*BRIEF:*
Your answer must be an exact copy of the records below, minus the pictures.

*DATA SUPPLIED:*
%%

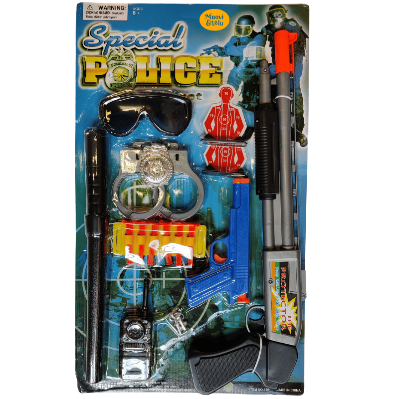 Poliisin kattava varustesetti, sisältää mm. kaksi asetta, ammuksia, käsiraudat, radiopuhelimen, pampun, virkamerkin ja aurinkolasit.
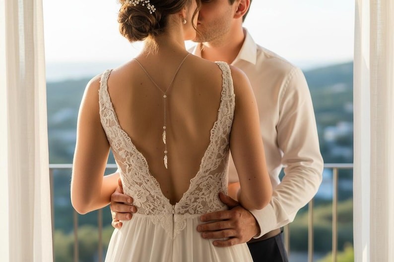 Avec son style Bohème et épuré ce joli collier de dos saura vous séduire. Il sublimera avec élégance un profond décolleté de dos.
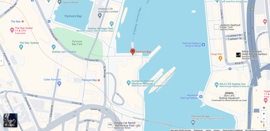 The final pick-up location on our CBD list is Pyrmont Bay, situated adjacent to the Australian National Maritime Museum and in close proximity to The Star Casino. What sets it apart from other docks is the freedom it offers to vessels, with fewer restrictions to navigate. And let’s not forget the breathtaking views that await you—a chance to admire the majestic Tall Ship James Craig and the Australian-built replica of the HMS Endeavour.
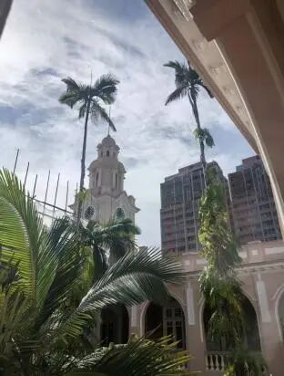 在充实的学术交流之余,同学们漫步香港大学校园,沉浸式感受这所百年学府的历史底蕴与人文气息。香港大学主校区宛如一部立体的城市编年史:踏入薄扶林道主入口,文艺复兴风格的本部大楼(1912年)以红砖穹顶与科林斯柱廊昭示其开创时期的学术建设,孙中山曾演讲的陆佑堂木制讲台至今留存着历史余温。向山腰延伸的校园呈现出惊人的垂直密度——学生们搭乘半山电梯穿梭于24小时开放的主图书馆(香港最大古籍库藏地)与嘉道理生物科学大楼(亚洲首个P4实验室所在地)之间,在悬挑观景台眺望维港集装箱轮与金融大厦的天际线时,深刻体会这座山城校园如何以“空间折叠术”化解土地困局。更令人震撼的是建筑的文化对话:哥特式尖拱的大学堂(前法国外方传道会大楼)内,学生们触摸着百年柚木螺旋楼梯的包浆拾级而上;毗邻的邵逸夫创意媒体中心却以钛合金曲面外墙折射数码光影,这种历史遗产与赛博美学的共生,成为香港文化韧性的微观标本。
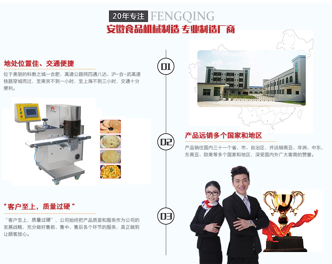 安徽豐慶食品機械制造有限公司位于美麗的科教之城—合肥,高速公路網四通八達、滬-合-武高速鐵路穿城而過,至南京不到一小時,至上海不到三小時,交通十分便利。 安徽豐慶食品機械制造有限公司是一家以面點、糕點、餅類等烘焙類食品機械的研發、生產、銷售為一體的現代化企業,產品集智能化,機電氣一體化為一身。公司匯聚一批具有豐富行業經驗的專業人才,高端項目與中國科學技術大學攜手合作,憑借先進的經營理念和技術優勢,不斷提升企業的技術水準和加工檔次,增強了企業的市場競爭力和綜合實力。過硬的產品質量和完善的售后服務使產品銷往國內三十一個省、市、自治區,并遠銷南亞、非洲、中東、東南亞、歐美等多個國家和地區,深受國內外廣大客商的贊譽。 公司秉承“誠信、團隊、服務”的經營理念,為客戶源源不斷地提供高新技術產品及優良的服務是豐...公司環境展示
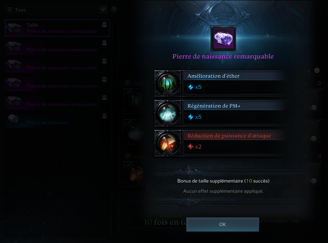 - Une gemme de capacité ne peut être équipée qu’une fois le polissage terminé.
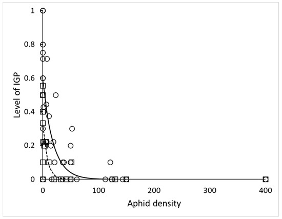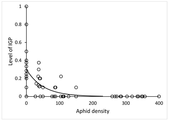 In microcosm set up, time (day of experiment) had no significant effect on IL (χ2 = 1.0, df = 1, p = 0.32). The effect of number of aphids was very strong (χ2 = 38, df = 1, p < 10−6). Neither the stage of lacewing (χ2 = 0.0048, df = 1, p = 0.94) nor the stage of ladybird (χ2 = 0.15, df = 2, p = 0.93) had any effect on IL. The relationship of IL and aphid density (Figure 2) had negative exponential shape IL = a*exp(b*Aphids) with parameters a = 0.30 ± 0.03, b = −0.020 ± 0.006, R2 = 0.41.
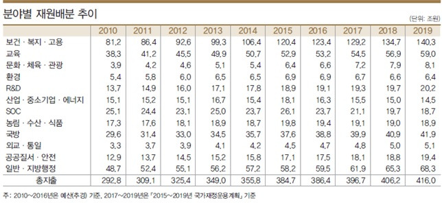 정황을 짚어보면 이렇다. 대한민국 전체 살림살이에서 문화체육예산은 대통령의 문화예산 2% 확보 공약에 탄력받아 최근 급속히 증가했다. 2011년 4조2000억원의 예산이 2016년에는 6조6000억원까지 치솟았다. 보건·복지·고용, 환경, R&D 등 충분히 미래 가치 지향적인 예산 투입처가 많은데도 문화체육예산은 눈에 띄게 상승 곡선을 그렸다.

%%

*EXPECTED ANSWER:*
 Poliisin kattava varustesetti, sisältää mm. kaksi asetta, ammuksia, käsiraudat, radiopuhelimen, pampun, virkamerkin ja aurinkolasit.
 Avec son style Bohème et épuré ce joli collier de dos saura vous séduire. Il sublimera avec élégance un profond décolleté de dos.
 The final pick-up location on our CBD list is Pyrmont Bay, situated adjacent to the Australian National Maritime Museum and in close proximity to The Star Casino. What sets it apart from other docks is the freedom it offers to vessels, with fewer restrictions to navigate. And let’s not forget the breathtaking views that await you—a chance to admire the majestic Tall Ship James Craig and the Australian-built replica of the HMS Endeavour.
 在充实的学术交流之余,同学们漫步香港大学校园,沉浸式感受这所百年学府的历史底蕴与人文气息。香港大学主校区宛如一部立体的城市编年史:踏入薄扶林道主入口,文艺复兴风格的本部大楼(1912年)以红砖穹顶与科林斯柱廊昭示其开创时期的学术建设,孙中山曾演讲的陆佑堂木制讲台至今留存着历史余温。向山腰延伸的校园呈现出惊人的垂直密度——学生们搭乘半山电梯穿梭于24小时开放的主图书馆(香港最大古籍库藏地)与嘉道理生物科学大楼(亚洲首个P4实验室所在地)之间,在悬挑观景台眺望维港集装箱轮与金融大厦的天际线时,深刻体会这座山城校园如何以“空间折叠术”化解土地困局。更令人震撼的是建筑的文化对话:哥特式尖拱的大学堂(前法国外方传道会大楼)内,学生们触摸着百年柚木螺旋楼梯的包浆拾级而上;毗邻的邵逸夫创意媒体中心却以钛合金曲面外墙折射数码光影,这种历史遗产与赛博美学的共生,成为香港文化韧性的微观标本。
 安徽豐慶食品機械制造有限公司位于美麗的科教之城—合肥,高速公路網四通八達、滬-合-武高速鐵路穿城而過,至南京不到一小時,至上海不到三小時,交通十分便利。 安徽豐慶食品機械制造有限公司是一家以面點、糕點、餅類等烘焙類食品機械的研發、生產、銷售為一體的現代化企業,產品集智能化,機電氣一體化為一身。公司匯聚一批具有豐富行業經驗的專業人才,高端項目與中國科學技術大學攜手合作,憑借先進的經營理念和技術優勢,不斷提升企業的技術水準和加工檔次,增強了企業的市場競爭力和綜合實力。過硬的產品質量和完善的售后服務使產品銷往國內三十一個省、市、自治區,并遠銷南亞、非洲、中東、東南亞、歐美等多個國家和地區,深受國內外廣大客商的贊譽。 公司秉承“誠信、團隊、服務”的經營理念,為客戶源源不斷地提供高新技術產品及優良的服務是豐...公司環境展示
 - Une gemme de capacité ne peut être équipée qu’une fois le polissage terminé.
 In microcosm set up, time (day of experiment) had no significant effect on IL (χ2 = 1.0, df = 1, p = 0.32). The effect of number of aphids was very strong (χ2 = 38, df = 1, p < 10−6). Neither the stage of lacewing (χ2 = 0.0048, df = 1, p = 0.94) nor the stage of ladybird (χ2 = 0.15, df = 2, p = 0.93) had any effect on IL. The relationship of IL and aphid density (Figure 2) had negative exponential shape IL = a*exp(b*Aphids) with parameters a = 0.30 ± 0.03, b = −0.020 ± 0.006, R2 = 0.41.
 정황을 짚어보면 이렇다. 대한민국 전체 살림살이에서 문화체육예산은 대통령의 문화예산 2% 확보 공약에 탄력받아 최근 급속히 증가했다. 2011년 4조2000억원의 예산이 2016년에는 6조6000억원까지 치솟았다. 보건·복지·고용, 환경, R&D 등 충분히 미래 가치 지향적인 예산 투입처가 많은데도 문화체육예산은 눈에 띄게 상승 곡선을 그렸다.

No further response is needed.